2.9.5 Master Protection Command Register
Pin-pair protection is enabled by writing to the Master Protection Command Register to protect the upper two bits or the lower two bits of any I/O block. The "safe" state is considered to be the state of the protected pins at the time this register is written to; therefore, an "unsafe" state is the bitwise complement of that output. The other two possible bit combinations are considered "active" states since they are allowable outputs.
For example, let's say that "11" is the disallowed state (but "00", "01", and "10" are allowed). To enable pin-pair protection on two pins of an I/O block, set the output on both pins to 0 (the "safe" state, which is the complement of the disallowed state) and write the appropriate value to MPCR to enable pin-pair protection. Once this value is written, the protection will be enabled for the selected pair of pins, resulting in the following outputs.
NOTE When pin-pair protection is enabled, the pins will be forced to the safe state between each output transition for a period determined by the Master Protection Prescale Register. 2.9.6 Master Protection Prescale Register
The value written to this register determines the dead-time time constant, a number between 0 and 255. The dead time is useful in preventing overlap during pin-output transitions. When pin-pair protection is enabled on a pair of pins, the Rabbit RIO forces the pins into a "safe" state during the dead time between signal transitions on those pins.
The main Rabbit RIO clock will be divided by (n + 1) to give the dead-time time constant. The actual dead-time will vary between (n + 1) and (2*n + 2) Rabbit RIO clocks.
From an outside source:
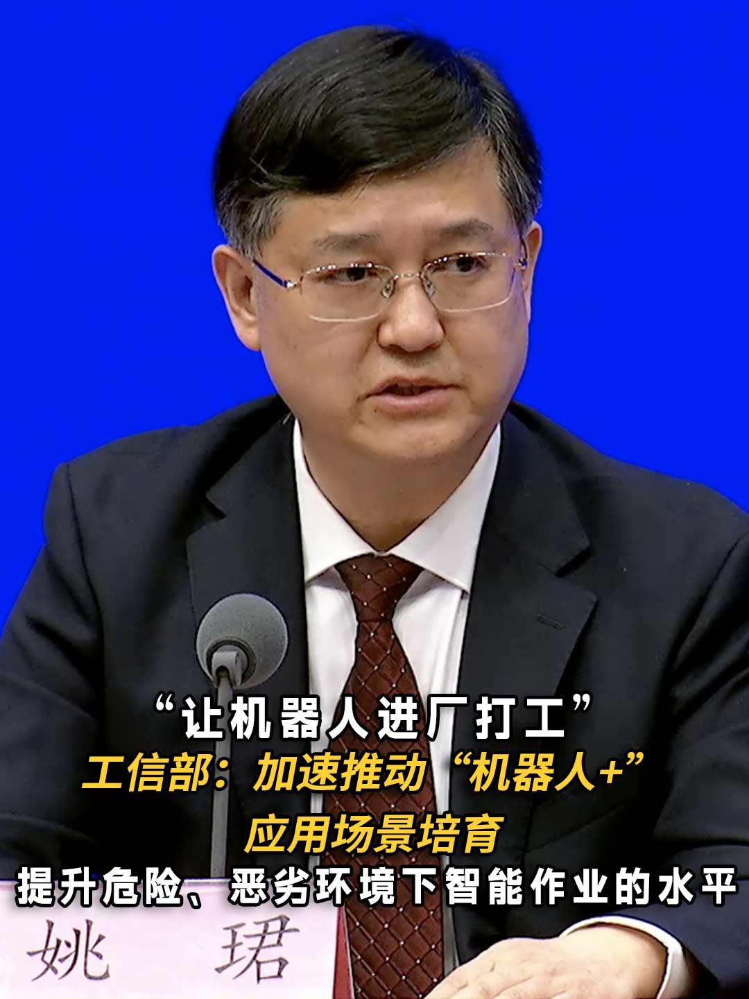 “让机器人进厂打工” 工信部:加速推动“机器人+”应用场景培育,提升危险、恶劣环境下智能作业的水平#工业机器人#人形机器人#国务院政策例行吹风会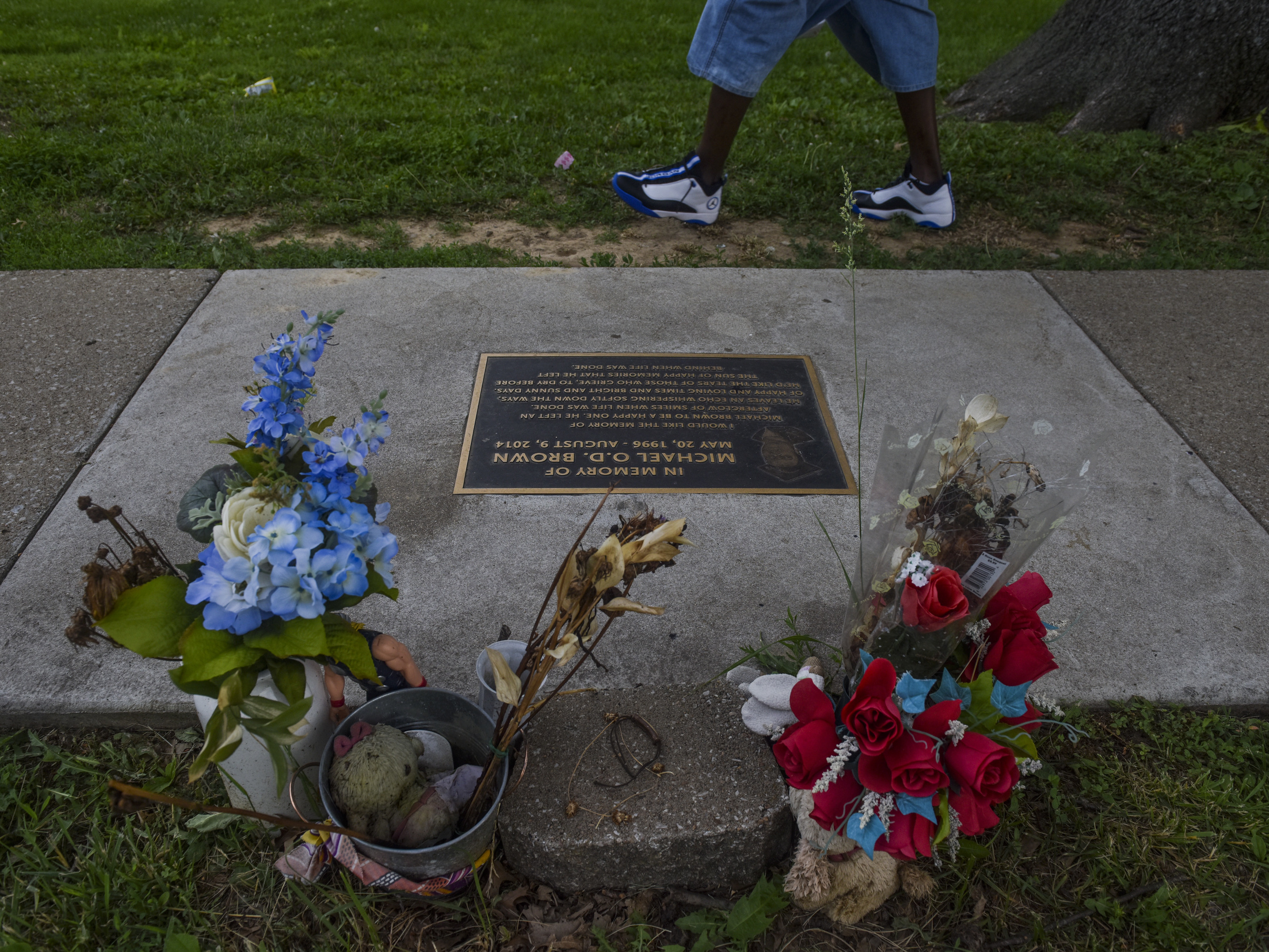 Support WBURAfter The Cameras LeavePlay27:15Download AudioAugust 07, 2019facebookEmailFERGUSON, MO - : A plaque in memory of teenager Mike Brown is embedded in the sidewalk near the Canfield Apartments where Mike Brown killed. (The Washington Post/Getty Images)

For example, let's say that "11" is the disallowed state ("00" is then the "safe" state, and "01" and "10" are allowed). When pin-pair protection is enabled for a pair of pins, to switch from "01" to "10", the output will first switch from "01" to "00" for the dead-time specified in MPPR, and then to "10".
2.9.7 Watchdog Timer Registers
All RabbitNet devices and hubs implement a watchdog timer. This timer is restarted on receipt of any command from the master. If it times out, then the device assumes that the communication link has been lost, and the device places itself in a fail-safe state. Once in the fail-safe state, the device must ignore any commands that would cause its output state to change until a soft reset is triggered through the RabbitNet Reset Status Register. This watchdog register is enable only when the Rabbit RIO is being used in the RabbitNet communication mode.
2.9.8 Pointer Registers
Each I/O block has a Pointer Register that will allow access to the block's internal registers. The lower five bits of this register holds the pointer (or address) to the internal registers. The most significant bit allows auto-incrementing of this pointer for fast configuration.
2.9.9 Indirect Registers
The Indirect Register of each I/O block allows reads and/or writes to the address pointed to by the Pointer Register.